***** PROVIDED RECORDS *****

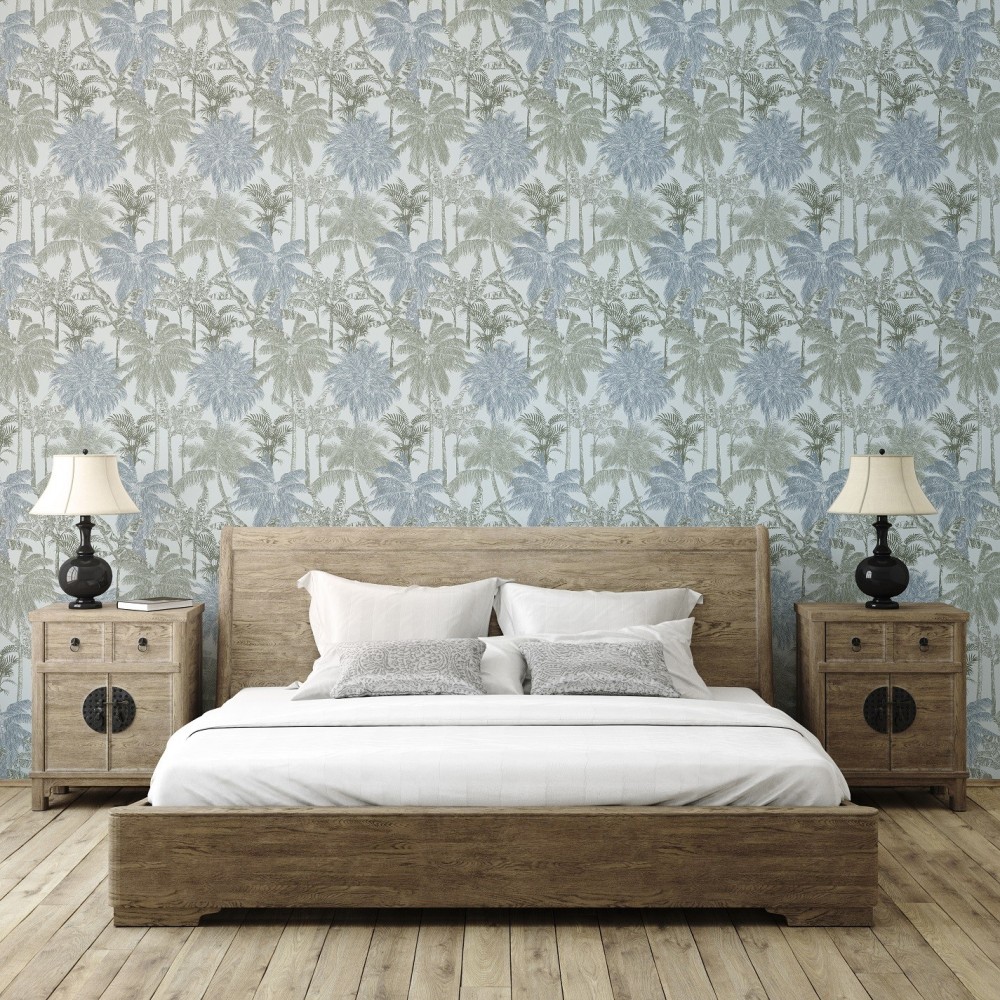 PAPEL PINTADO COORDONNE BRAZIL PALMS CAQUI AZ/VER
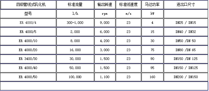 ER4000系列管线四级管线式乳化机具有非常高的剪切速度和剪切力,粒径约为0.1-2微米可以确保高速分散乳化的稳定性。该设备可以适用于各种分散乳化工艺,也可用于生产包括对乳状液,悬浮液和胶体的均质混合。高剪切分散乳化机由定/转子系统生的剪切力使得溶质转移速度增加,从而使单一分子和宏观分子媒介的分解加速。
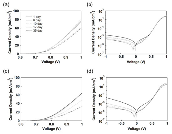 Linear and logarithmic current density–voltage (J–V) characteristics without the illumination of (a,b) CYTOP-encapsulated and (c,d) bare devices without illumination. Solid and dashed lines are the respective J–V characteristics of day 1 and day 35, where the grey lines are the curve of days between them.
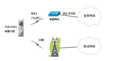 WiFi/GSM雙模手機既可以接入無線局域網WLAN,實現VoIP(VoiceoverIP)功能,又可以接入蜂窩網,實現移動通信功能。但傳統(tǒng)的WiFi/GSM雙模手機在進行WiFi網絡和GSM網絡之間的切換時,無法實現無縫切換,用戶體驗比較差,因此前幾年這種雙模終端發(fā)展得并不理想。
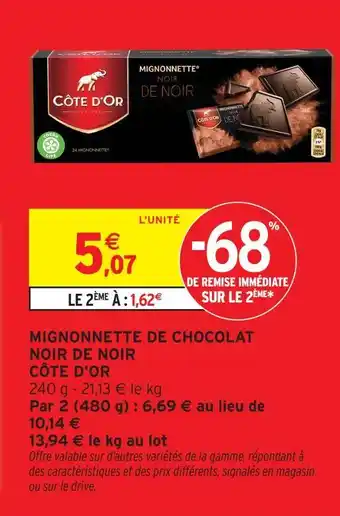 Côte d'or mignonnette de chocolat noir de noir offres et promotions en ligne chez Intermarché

*****

◆ **REQUIREMENT**: From the first line to the last, set down the records word for word and drop the images.

◆ **SOLUTION FOR THIS PROBLEM**:
 PAPEL PINTADO COORDONNE BRAZIL PALMS CAQUI AZ/VER
 ER4000系列管线四级管线式乳化机具有非常高的剪切速度和剪切力,粒径约为0.1-2微米可以确保高速分散乳化的稳定性。该设备可以适用于各种分散乳化工艺,也可用于生产包括对乳状液,悬浮液和胶体的均质混合。高剪切分散乳化机由定/转子系统生的剪切力使得溶质转移速度增加,从而使单一分子和宏观分子媒介的分解加速。
 Linear and logarithmic current density–voltage (J–V) characteristics without the illumination of (a,b) CYTOP-encapsulated and (c,d) bare devices without illumination. Solid and dashed lines are the respective J–V characteristics of day 1 and day 35, where the grey lines are the curve of days between them.
 WiFi/GSM雙模手機既可以接入無線局域網WLAN,實現VoIP(VoiceoverIP)功能,又可以接入蜂窩網,實現移動通信功能。但傳統(tǒng)的WiFi/GSM雙模手機在進行WiFi網絡和GSM網絡之間的切換時,無法實現無縫切換,用戶體驗比較差,因此前幾年這種雙模終端發(fā)展得并不理想。
 Côte d'or mignonnette de chocolat noir de noir offres et promotions en ligne chez Intermarché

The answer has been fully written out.